Português como língua de acolhimento à luz da complexidade

Autores

DOI:

https://doi.org/10.70678/refami.v10i1.997

Palavras-chave:

Português Língua de Acolhimento, Sistemas Adaptativos Complexos, Migração

Resumo

Tendo em vista o atual contexto de fluxos migratórios cada vez mais intensos na fronteira entre Brasil e Venezuela, é fundamental que reflitamos sobre o conceito de Língua de Acolhimento (LAc) e o processo de ensino de Português como Língua de Acolhimento (PLAc) para migrantes, sobretudo no contexto da escola pública de Roraima.

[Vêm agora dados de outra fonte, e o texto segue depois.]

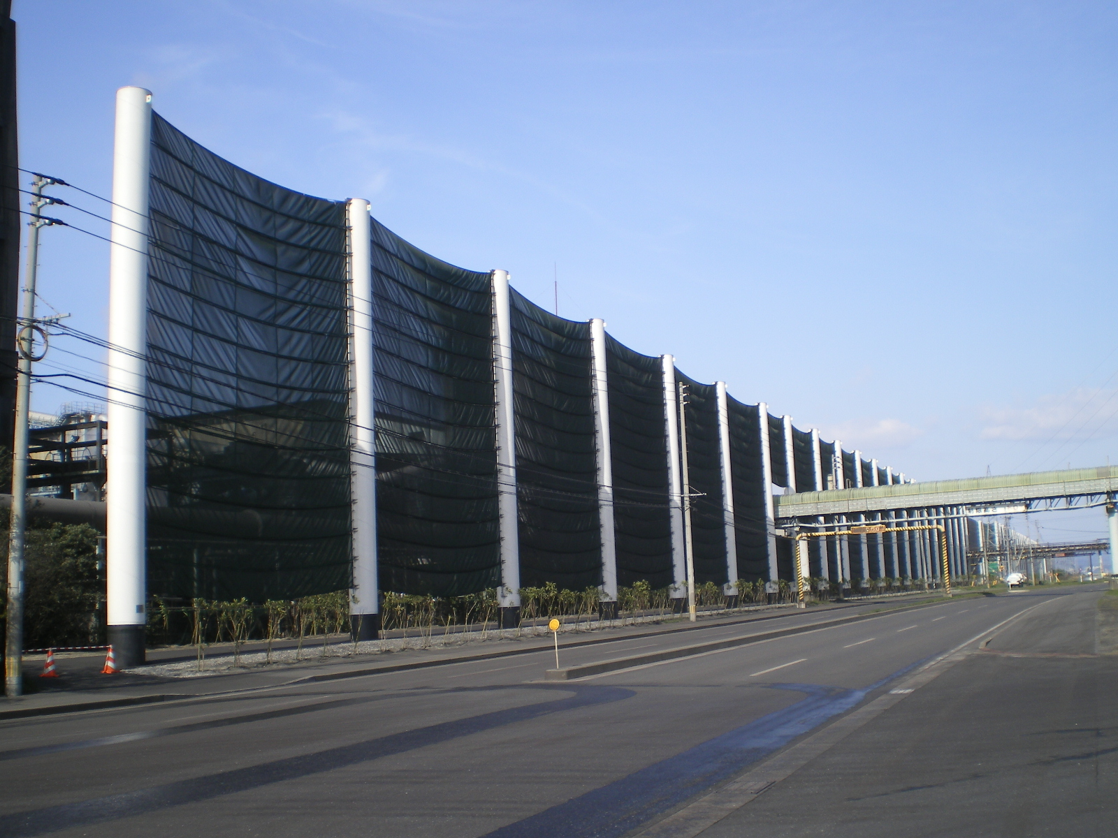 福岡県内原料生産工場防塵ネット 2007.3竣工 地上高16m DHT

Nesse viés, com base em pesquisas de Linguística Aplicada (LA), e com o respaldo teórico do Pensamento Complexo (Morin, 1995; 2016; Paiva, 2005; Leffa, 2006; 2009), este trabalho tem como objetivo geral analisar a realidade educacional de estudantes venezuelanos imersos na sala de aula da escola pública de Boa Vista-RR. Os objetivos específicos são: 1) verificar questões linguísticas e culturais implicadas no processo de aprendizagem de PLAc na perspectiva de estudantes migrantes; 2) refletir sobre como o “acolhimento” pode se efetivar no ambiente da sala de aula de língua portuguesa no viés do Pensamento Complexo. A pesquisa é de abordagem qualitativa (Bogdan; Biklen, 1994) e foi realizada a partir de entrevistas semiestruturadas realizadas em novembro de 2023 com 4 alunos venezuelanos, com idades entre 14 e 15 anos, matriculados em uma turma de 9º ano de uma escola municipal. Os resultados do trabalho indicam que um grupo de venezuelanos em uma sala de aula é heterogêneo, no sentido de contar com uma pluralidade interna que não deve ser negligenciada, pois tal diversidade se conecta a outros operadores emergentes, como a variedade de perspectivas quanto à aprendizagem de português e a autonomia de cada um nesse processo complexo. 

Biografia do Autor

Vanessa Ribas Fialho, Universidade Federal de Santa Maria

É professora Associada da Universidade Federal de Santa Maria (UFSM) e faz parte do Grupo de Investigações sobre Tecnologias, Ensino e Aprendizagem (GITEA). É docente dos cursos de Graduação em Letras da UFSM e do curso de Pós-Graduação em Tecnologias Educacionais em Rede. Possui graduação em Letras Espanhol pela Universidade Federal de Santa Maria (2003); Mestrado em Linguística Aplicada (2005), Doutorado em Linguística Aplicada (2011) e Pós-Doutorado em Letras (2016) pela Universidade Católica de Pelotas, com orientação do prof. Dr. Vilson Leffa. Foi professora da Faculdade Metodista de Santa Maria (FAMES) de março de 2003 até outubro de 2009.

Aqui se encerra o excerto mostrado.